"Fresco di stampa": Eleonora Rimolo, "Prossimo e remoto”, Italic Pequod, 2022


31 gennaio 1983

Non so parlare altre lingue, neanche
seduta in via modesta valenti 21
dove una babele di terrazze abitate
dall’inverno indica la direzione,
il centro abbandonato del guarire.
Non rispondo e non mi muovo sono
fedele alle regole, innamorata delle pulci
che mi bucano la testa, incerta sulla porta
se a metà di una scala il marmo cede
e le caviglie si aprono, sopra un delirio
di ferite e non si cammina, non si arriva
più all’ombra sognata ma si diventa
gomitoli di ossa, sfere di silenzio.

*

Come dire che questo libro è scritto
per te, per il lutto indossato ogni giorno,
per quel popolo disperso nella storia,
spodestato dalla terra, spinto nel cuore
dell’oceano. Come dire che sono la stessa
persona il ragazzo arreso alle porte scorrevoli
mentre chiede monete ai passanti e il bambino
accostato alla parete in attesa del padre
di un altro colore con la maglia azzurra
distratto e curioso, geloso della sua buona stella.
E tu hai mangiato? Hai bevuto? Vuoi fumare?
Com’è andato il viaggio. Quando torni a casa.
Dove abiti adesso. Dove eravamo tutti, prima
di questo pomeriggio spento, dell’apertura
dei bar, prima di rimetterci in viaggio
e dimenticare la verità, ogni bene, la colpa.

*

Nella fase dispersa l’aria risale bollente,
assottiglia i muri, buca le tubature,
sgrana le visioni un tempo così nitide,
tremende, senza sudore: nel miscuglio
di liquidi vivi non c’è spazio per i tuoi,
oggi siamo soli con questa sostanza pura
che lega vento e pressione, così lontani
dal freddo immobile della mattina
in cui mi tenesti in braccio, padre
mancato, per non colpirmi dentro
l’enorme abisso limaccioso col sorriso
che da sempre ti lava la faccia. Se potessi
vedermi ora dentro lo specchio passare
veloce saresti deluso, pentito: sono
un solvente mediocre e ti lascio intatto
nei pensieri disciolti. Pago il mio debito
e ti annego nel sale.

*

Dopo la ferita arriva l’azzeramento
del dolore, la pelle viva viene alla luce
con la sua verità crudissima:
quei mirtilli sono soltanto pietre
e su Marte non c’è biologia ma c’è
sulla terra stasera una paura
che fa più umane le cose, un rigurgito
di tenerezze mai digerite, un consegnare
la copia sbagliata di proposito
per darti di me la parte peggiore,
il mio sacrificio maggiore.

*

Vorrei pensarla anch’io questa giornata amico mio
come freccia senza bersaglio lanciata nel pomeriggio
che non conclude mai la sua discesa ma vive alta
nel sogno della durata: è difficile dire quando
questa luce andrà via finché il riflesso negli occhi
inganna e sembra eterno un febbraio, più lungo
delle notti sciupate aspettando la disattenzione
che addormenta i pensieri in un gomitolo. Eppure
nessuna cosa è contro natura: i fari alti fugano l’ombra,
l’onda si allunga e inverte il corso, il vulcano avvinghia
alle spalle la collina ma è solo un gioco dello sguardo,
un pugno di chilometri che non avvicina la pianura
ma spacca campi e cuori con pozzi e fangaie
aprendo voragini e crateri di arida rena ventosa.

*

Eleonora Rimolo (Salerno, 1991) è Assegnista di Ricerca in Letteratura Italiana presso l’Università di Salerno.

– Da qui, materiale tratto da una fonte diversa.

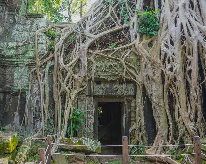 De ruïnes en tempels zijn prachtig gelegen in een gebied dat is omgeven door jungle en een gracht. Het is hier vredig en het lijkt alsof je een totaal andere wereld bent binnengestapt.
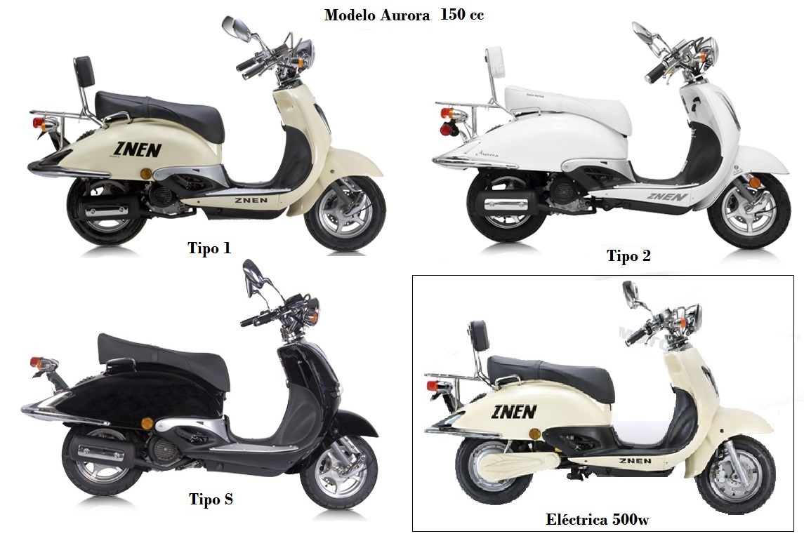 • Aurora: de 124.6 cc, 7.6 CV / 7 500 rpm, neumáticos D/T 3.50-10", velocidad máxima 90 km/h y 97 kg

In poesia ha pubblicato: La resa dei giorni (Alter Ego, 2015 – Premio Giovani Europa in Versi), Temeraria gioia (Ladolfi, 2017 – Premio Pascoli “L’ora di Barga”, Premio Civetta di Minerva) e La terra originale (Pordenonelegge-Lietocolle, 2018 – Premio Achille Marazza, Premio “I poeti di vent’anni. Premio Pordenonelegge Poesia”, Premio Minturnae). Con Giovanni Ibello ha curato Abitare la parola. Poeti nati negli anni ’90 (Ladolfi 2019). Dirige la sezione online della rivista «Atelier» e le Collane di poesia Letture Meridiane ed Aeclanum per la Delta3 edizioni.